• _MATERIALS PROVIDED_:
● ● ● ● ●

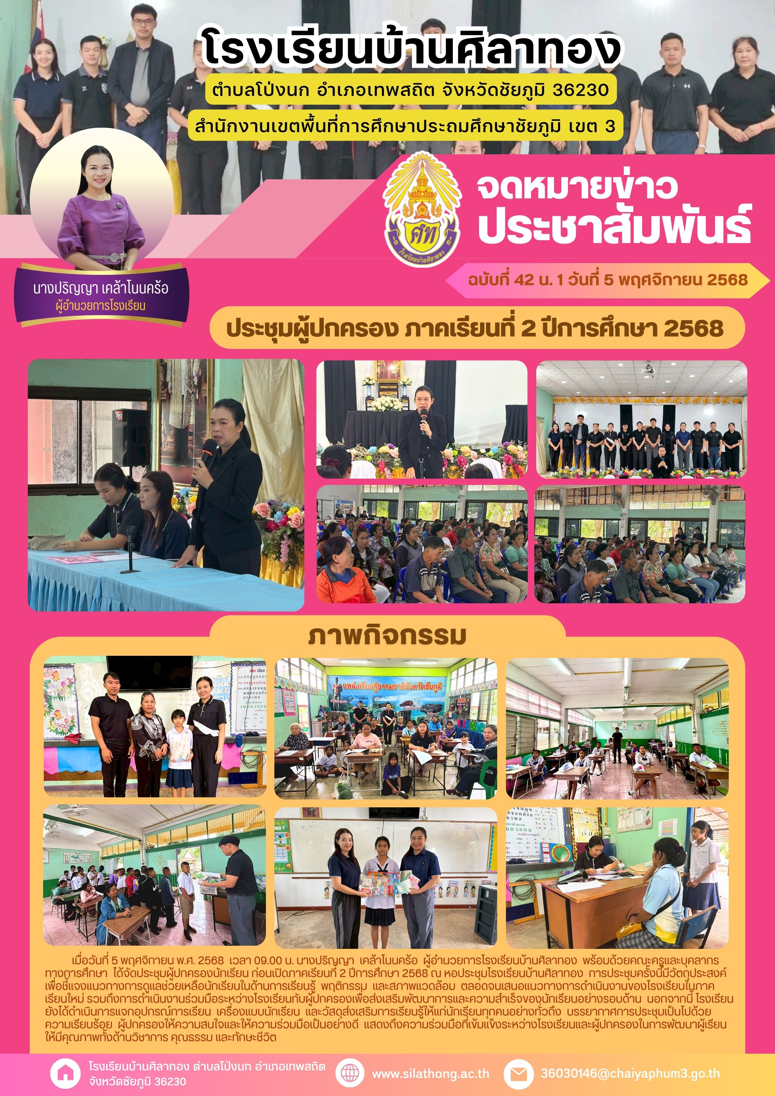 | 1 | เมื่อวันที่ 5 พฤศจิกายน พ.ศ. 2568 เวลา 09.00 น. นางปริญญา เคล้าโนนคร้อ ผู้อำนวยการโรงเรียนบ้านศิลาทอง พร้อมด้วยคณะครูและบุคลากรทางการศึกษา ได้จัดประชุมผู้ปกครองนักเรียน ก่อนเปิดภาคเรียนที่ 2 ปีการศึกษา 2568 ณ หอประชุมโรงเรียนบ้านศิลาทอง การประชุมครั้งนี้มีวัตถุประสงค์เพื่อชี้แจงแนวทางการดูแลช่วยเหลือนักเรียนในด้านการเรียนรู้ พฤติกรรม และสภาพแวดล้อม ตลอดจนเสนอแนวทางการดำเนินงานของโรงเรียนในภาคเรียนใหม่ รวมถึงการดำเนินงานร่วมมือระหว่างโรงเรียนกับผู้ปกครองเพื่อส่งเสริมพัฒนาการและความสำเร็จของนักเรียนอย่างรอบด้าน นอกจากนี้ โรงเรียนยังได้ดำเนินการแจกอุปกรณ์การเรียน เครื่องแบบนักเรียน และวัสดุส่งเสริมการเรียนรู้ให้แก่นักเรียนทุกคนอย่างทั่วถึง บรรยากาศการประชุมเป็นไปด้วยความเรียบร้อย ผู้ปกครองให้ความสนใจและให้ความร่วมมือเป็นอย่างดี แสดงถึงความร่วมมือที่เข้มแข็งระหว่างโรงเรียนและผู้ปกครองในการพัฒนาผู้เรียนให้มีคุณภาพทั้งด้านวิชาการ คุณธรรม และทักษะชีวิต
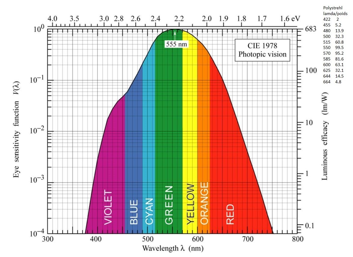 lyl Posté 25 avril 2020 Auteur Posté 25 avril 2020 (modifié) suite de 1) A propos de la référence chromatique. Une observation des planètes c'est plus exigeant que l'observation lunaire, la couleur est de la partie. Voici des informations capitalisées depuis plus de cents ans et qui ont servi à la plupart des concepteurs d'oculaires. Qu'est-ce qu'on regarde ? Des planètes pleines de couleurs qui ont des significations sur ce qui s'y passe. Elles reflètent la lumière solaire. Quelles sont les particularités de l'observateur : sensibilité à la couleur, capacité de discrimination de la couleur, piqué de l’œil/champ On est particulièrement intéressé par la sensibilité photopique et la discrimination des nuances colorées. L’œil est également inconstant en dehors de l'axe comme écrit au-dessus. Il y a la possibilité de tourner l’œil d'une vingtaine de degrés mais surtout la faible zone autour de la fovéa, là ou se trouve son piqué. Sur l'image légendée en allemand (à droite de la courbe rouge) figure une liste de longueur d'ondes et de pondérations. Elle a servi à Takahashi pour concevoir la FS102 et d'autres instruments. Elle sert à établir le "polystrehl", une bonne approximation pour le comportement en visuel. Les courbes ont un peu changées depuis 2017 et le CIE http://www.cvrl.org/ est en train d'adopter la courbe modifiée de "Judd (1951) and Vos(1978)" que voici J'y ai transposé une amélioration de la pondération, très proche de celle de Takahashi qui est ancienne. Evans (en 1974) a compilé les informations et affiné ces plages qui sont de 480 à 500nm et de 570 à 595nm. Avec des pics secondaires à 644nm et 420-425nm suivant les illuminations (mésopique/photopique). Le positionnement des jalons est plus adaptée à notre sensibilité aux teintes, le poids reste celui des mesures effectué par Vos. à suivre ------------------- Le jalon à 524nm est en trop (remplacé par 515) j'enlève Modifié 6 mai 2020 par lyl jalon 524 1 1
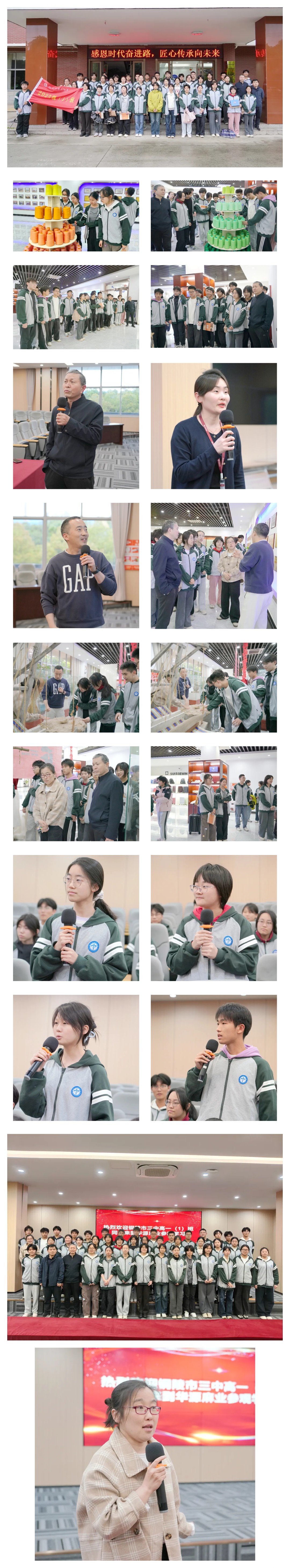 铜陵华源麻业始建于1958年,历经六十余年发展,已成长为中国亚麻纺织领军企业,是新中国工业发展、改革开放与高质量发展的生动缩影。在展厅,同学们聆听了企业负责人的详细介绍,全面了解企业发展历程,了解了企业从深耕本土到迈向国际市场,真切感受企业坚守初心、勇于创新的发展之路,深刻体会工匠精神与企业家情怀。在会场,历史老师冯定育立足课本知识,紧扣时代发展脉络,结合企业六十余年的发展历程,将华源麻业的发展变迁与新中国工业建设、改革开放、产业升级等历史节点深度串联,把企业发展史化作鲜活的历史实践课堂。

● ● ● ● ●

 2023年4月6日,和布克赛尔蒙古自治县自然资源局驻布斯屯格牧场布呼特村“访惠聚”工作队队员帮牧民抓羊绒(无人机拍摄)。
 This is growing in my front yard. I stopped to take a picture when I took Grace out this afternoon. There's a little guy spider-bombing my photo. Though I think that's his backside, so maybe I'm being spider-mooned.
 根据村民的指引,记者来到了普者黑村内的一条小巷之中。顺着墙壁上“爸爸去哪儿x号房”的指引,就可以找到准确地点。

● ● ● ● ●

• _TASK ITEM_:
Output should match, line for line, the stretch of the material above from the line holding "2023年4月6日,和布克赛" through the line holding "This is growing".

• _RESPONSE_:
 2023年4月6日,和布克赛尔蒙古自治县自然资源局驻布斯屯格牧场布呼特村“访惠聚”工作队队员帮牧民抓羊绒(无人机拍摄)。
 This is growing in my front yard. I stopped to take a picture when I took Grace out this afternoon. There's a little guy spider-bombing my photo. Though I think that's his backside, so maybe I'm being spider-mooned.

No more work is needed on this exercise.